A faithful copy of the data below is required, leaving out every picture.

* **Source data**:
▬▬▬▬▬▬
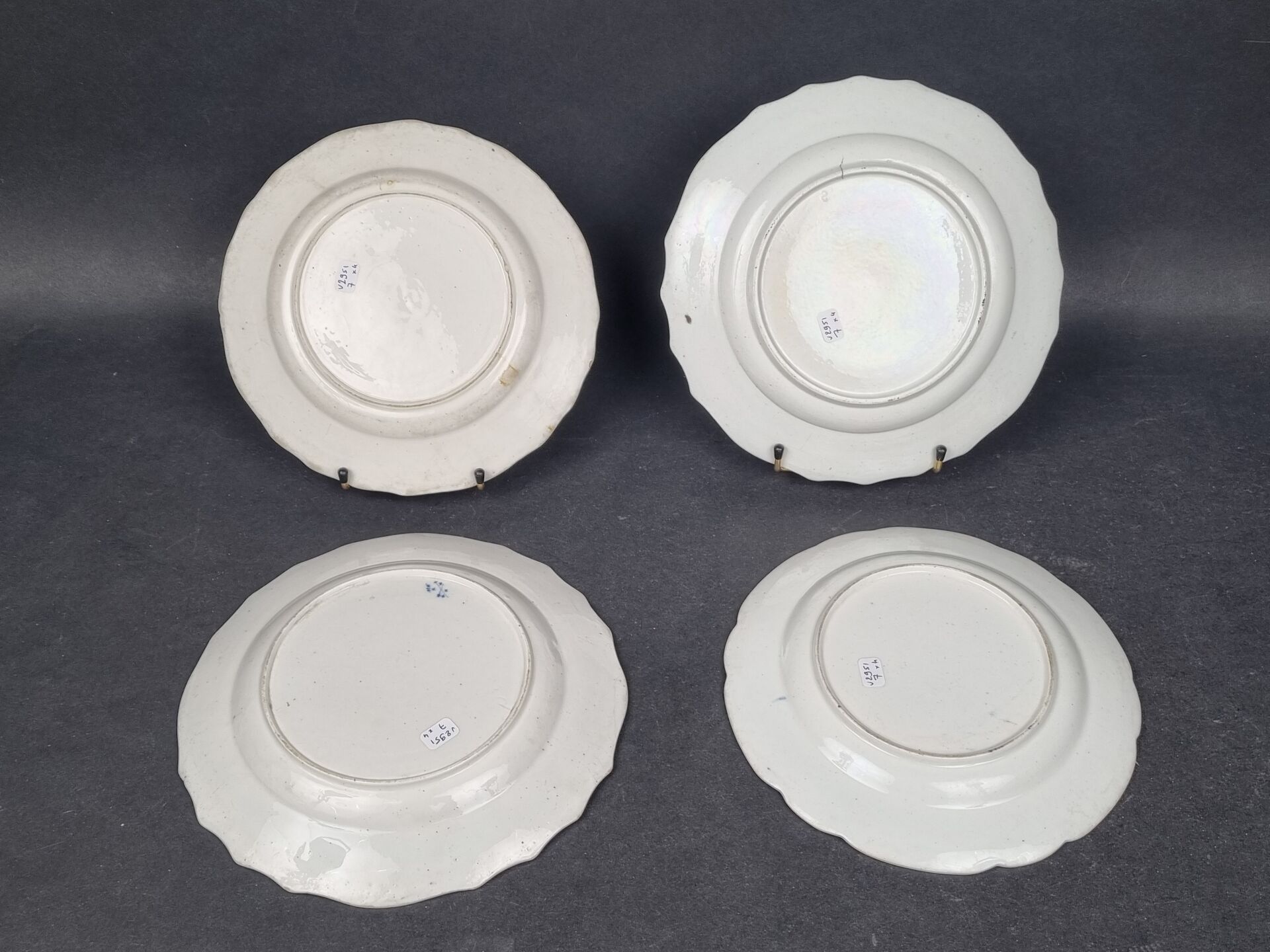 TOURNAI. Set of 4 soft-paste porcelain plates comprising: 1 blue-white plate with Ronda design, 1 manganese plate with Ronda design (one chip), 1 plate with Mouche design (one chip), 1 plate with Chantilly sprig design
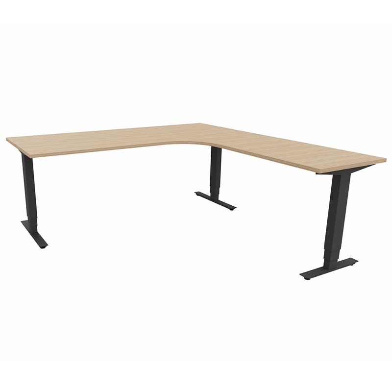 Höj- och sänkbart skrivbord Sense Aero Höger 3-ben, max 100 kg, 2000x2000, H630-1290 mmm, Amber Ek laminat, stativ Svart
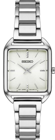 From the Essentials Collection. With a fresh square case design, this light and slim watch is proportioned for a perfect fit. The silver-white die-stamped grid pattern dial and subtly textured markers add a hint of sophisticated luxury. Crafted of stainless steel with tri-fold push button release clasp. 5 bar, 50M Water Resistant
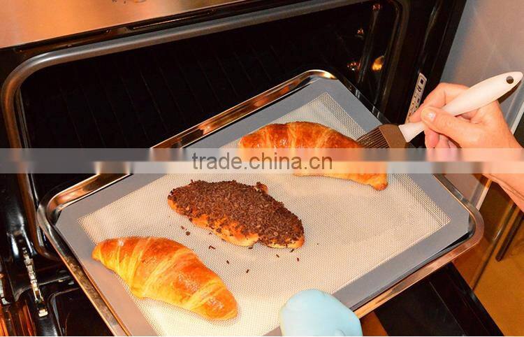 (2)Because more than one baking production process,our silicone baking mats with white fiberglass will not change into the cream brown color after long time use.
▬▬▬▬▬▬
* **Result**:
 TOURNAI. Set of 4 soft-paste porcelain plates comprising: 1 blue-white plate with Ronda design, 1 manganese plate with Ronda design (one chip), 1 plate with Mouche design (one chip), 1 plate with Chantilly sprig design
 Höj- och sänkbart skrivbord Sense Aero Höger 3-ben, max 100 kg, 2000x2000, H630-1290 mmm, Amber Ek laminat, stativ Svart
 From the Essentials Collection. With a fresh square case design, this light and slim watch is proportioned for a perfect fit. The silver-white die-stamped grid pattern dial and subtly textured markers add a hint of sophisticated luxury. Crafted of stainless steel with tri-fold push button release clasp. 5 bar, 50M Water Resistant
 (2)Because more than one baking production process,our silicone baking mats with white fiberglass will not change into the cream brown color after long time use.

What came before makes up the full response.